The input:

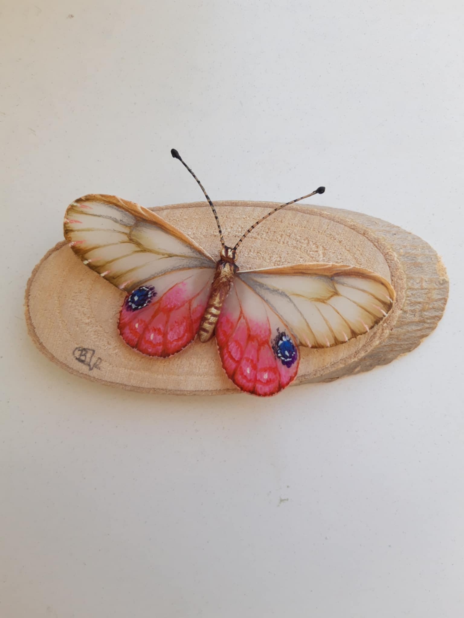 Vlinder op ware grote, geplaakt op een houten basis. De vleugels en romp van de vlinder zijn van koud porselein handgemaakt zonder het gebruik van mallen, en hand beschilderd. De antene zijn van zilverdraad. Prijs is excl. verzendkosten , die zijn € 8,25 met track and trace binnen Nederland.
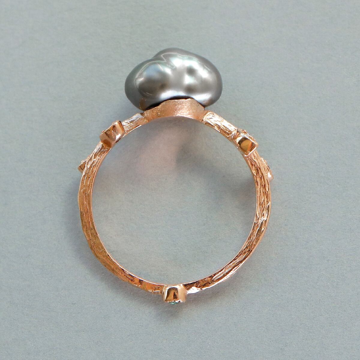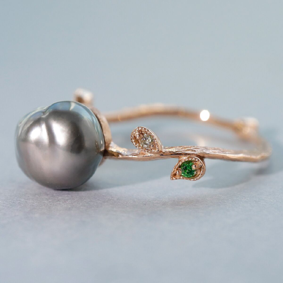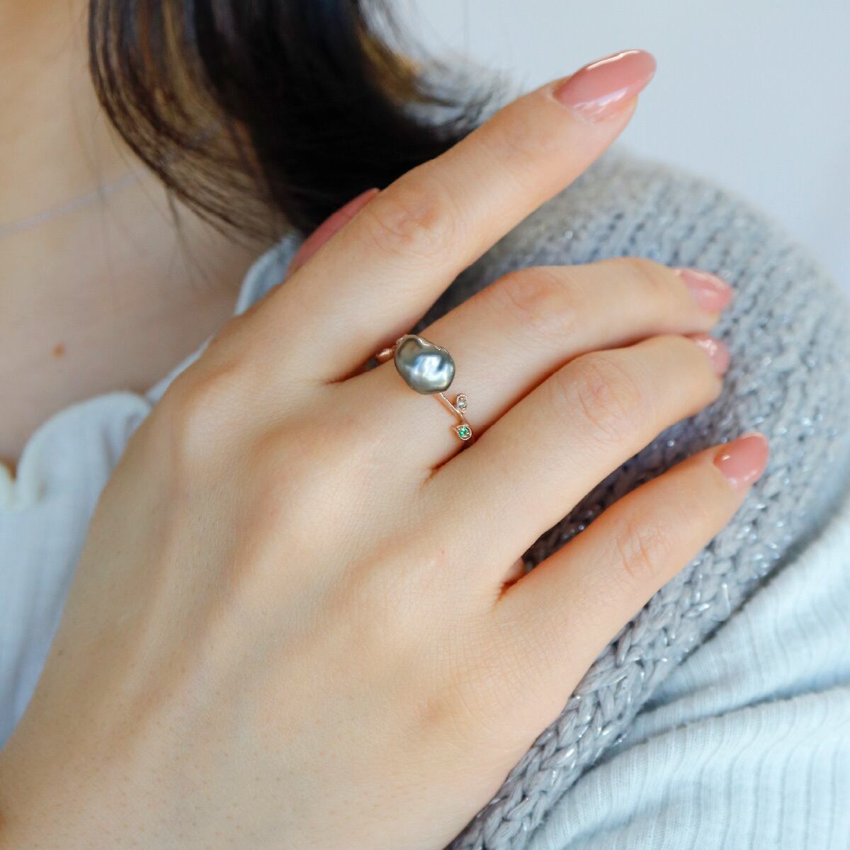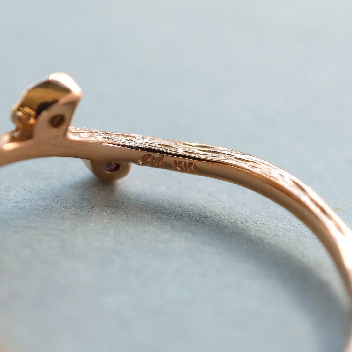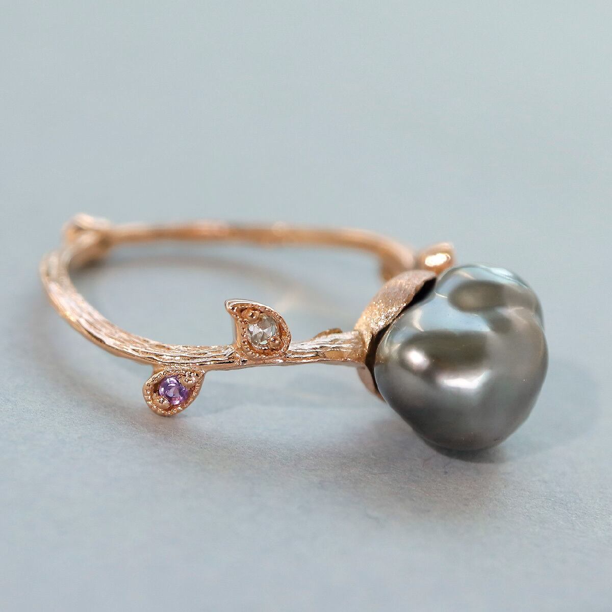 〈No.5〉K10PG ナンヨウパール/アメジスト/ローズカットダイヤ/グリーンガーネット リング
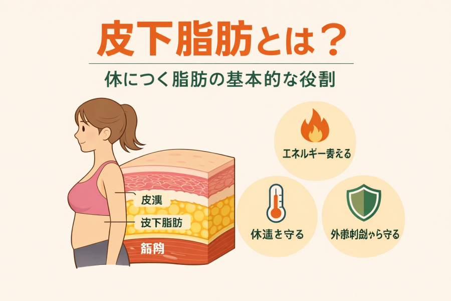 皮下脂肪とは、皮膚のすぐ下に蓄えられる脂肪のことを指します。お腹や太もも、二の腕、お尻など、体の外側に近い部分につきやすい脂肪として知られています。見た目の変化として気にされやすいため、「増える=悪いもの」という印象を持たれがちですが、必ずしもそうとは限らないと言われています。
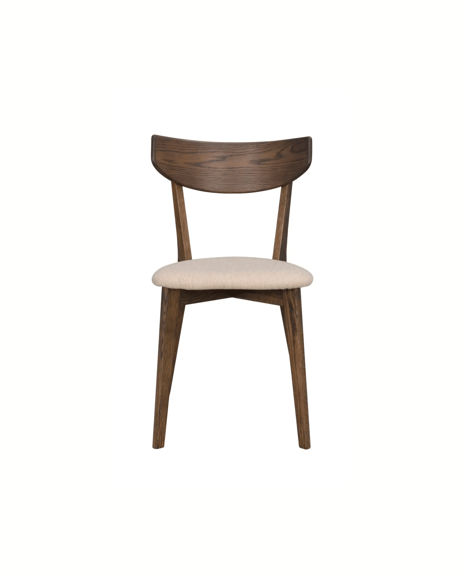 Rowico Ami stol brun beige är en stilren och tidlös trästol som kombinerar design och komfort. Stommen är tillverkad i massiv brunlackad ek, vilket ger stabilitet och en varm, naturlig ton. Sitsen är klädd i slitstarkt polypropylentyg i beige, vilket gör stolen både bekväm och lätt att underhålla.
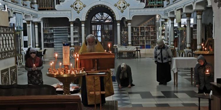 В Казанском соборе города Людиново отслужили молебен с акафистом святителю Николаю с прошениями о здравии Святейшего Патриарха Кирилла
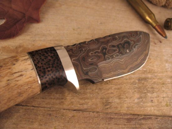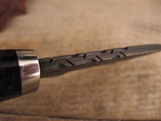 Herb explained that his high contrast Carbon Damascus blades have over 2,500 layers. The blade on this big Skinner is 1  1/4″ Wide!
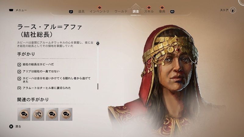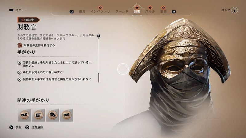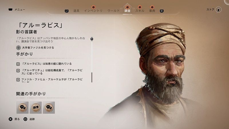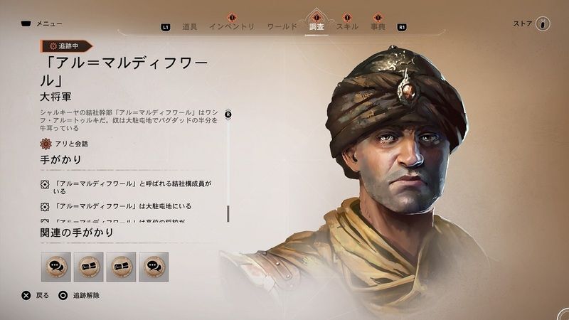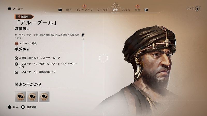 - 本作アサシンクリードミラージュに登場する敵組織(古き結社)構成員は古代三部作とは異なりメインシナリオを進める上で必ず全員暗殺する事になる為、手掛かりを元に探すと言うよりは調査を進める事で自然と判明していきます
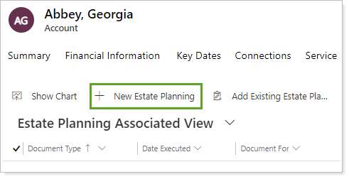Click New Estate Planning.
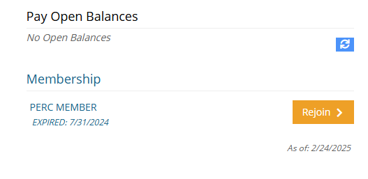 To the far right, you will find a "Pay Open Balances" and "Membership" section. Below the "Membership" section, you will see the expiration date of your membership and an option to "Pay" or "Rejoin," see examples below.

...

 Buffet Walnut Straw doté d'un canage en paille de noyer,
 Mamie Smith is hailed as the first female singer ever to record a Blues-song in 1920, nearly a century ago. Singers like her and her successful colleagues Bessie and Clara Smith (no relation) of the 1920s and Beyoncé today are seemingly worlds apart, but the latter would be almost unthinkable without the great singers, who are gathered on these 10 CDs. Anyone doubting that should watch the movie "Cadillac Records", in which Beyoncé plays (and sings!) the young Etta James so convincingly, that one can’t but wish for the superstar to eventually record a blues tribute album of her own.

Exercise:
Return, with no change at all, every line in the entries above from the line containing "Buffet Walnut Straw" through the line containing "Mamie Smith is".

Output below:
 Buffet Walnut Straw doté d'un canage en paille de noyer,
 Mamie Smith is hailed as the first female singer ever to record a Blues-song in 1920, nearly a century ago. Singers like her and her successful colleagues Bessie and Clara Smith (no relation) of the 1920s and Beyoncé today are seemingly worlds apart, but the latter would be almost unthinkable without the great singers, who are gathered on these 10 CDs. Anyone doubting that should watch the movie "Cadillac Records", in which Beyoncé plays (and sings!) the young Etta James so convincingly, that one can’t but wish for the superstar to eventually record a blues tribute album of her own.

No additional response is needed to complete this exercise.